** Opening Exercise input block **

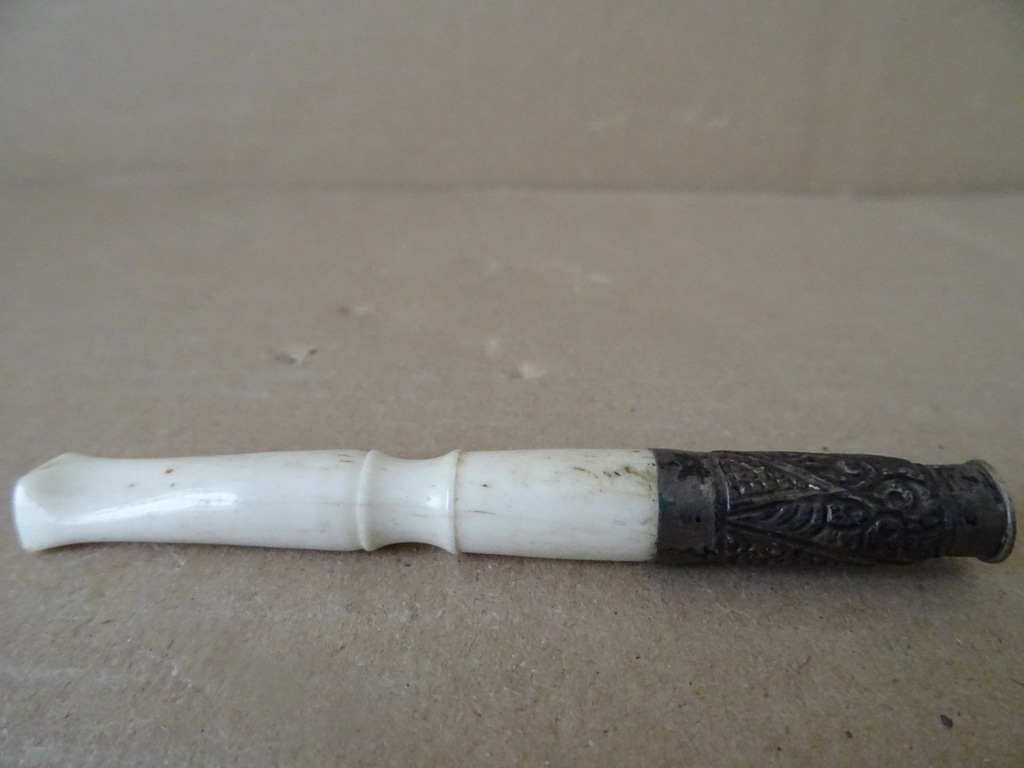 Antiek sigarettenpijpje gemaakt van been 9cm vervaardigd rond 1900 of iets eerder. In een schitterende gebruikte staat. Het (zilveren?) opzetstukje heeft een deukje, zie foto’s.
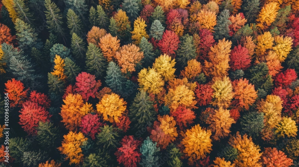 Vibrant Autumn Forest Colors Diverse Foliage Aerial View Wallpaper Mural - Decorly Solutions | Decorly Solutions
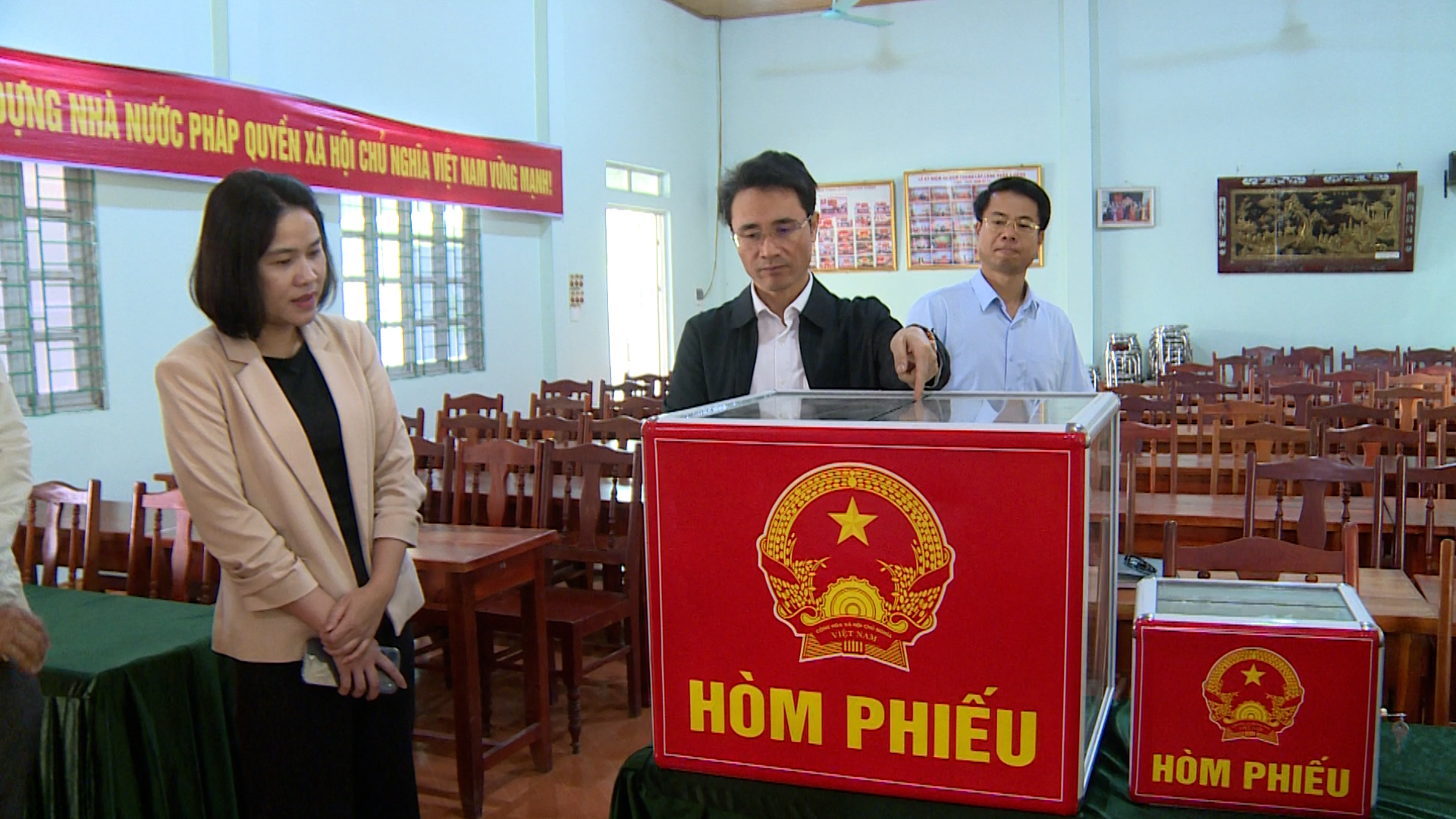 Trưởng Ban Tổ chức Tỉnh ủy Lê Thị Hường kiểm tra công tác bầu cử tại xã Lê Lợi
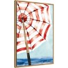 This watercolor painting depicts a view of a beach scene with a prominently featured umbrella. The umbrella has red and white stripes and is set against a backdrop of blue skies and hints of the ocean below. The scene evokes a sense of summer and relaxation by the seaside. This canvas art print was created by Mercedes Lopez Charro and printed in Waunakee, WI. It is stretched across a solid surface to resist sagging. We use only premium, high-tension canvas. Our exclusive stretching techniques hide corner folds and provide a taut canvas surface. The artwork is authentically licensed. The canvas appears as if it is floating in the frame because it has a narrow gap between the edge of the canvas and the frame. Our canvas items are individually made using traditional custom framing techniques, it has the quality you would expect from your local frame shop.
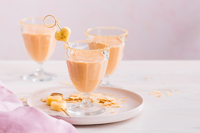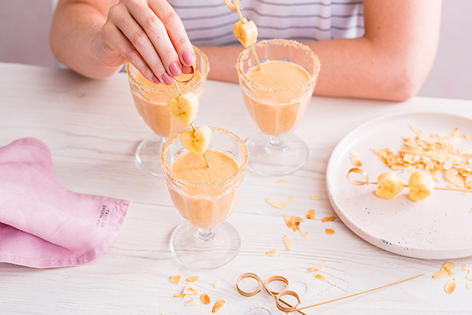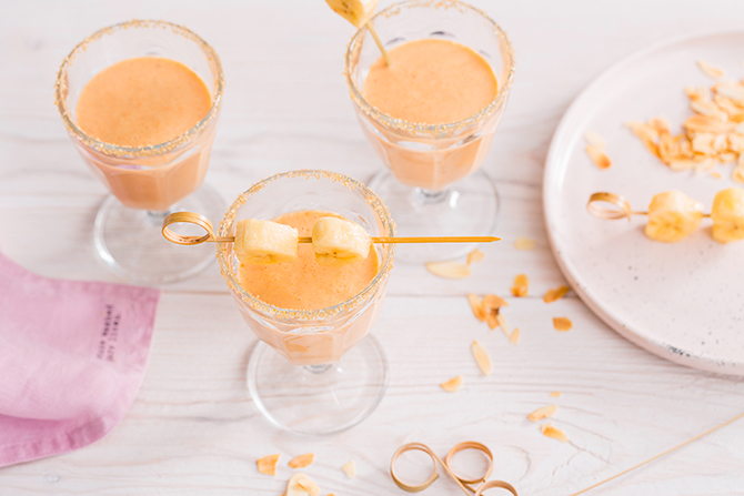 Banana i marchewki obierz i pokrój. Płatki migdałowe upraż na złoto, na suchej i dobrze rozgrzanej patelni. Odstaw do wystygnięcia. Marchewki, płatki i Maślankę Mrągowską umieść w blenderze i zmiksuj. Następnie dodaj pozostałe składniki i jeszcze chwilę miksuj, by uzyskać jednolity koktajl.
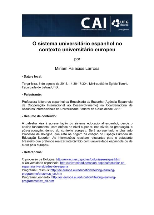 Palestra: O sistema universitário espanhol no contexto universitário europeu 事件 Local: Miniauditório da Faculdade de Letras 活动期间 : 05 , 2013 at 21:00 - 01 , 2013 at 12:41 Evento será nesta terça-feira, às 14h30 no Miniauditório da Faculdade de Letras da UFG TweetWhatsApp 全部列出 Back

** Closing Exercise input block **

Activity: For this exercise, set down exactly the lines that run from the line holding "Banana i marchewki" to the last line of the records above; include both end lines and omit pictures.

Solution to this exercise:
 Banana i marchewki obierz i pokrój. Płatki migdałowe upraż na złoto, na suchej i dobrze rozgrzanej patelni. Odstaw do wystygnięcia. Marchewki, płatki i Maślankę Mrągowską umieść w blenderze i zmiksuj. Następnie dodaj pozostałe składniki i jeszcze chwilę miksuj, by uzyskać jednolity koktajl.
 Palestra: O sistema universitário espanhol no contexto universitário europeu 事件 Local: Miniauditório da Faculdade de Letras 活动期间 : 05 , 2013 at 21:00 - 01 , 2013 at 12:41 Evento será nesta terça-feira, às 14h30 no Miniauditório da Faculdade de Letras da UFG TweetWhatsApp 全部列出 Back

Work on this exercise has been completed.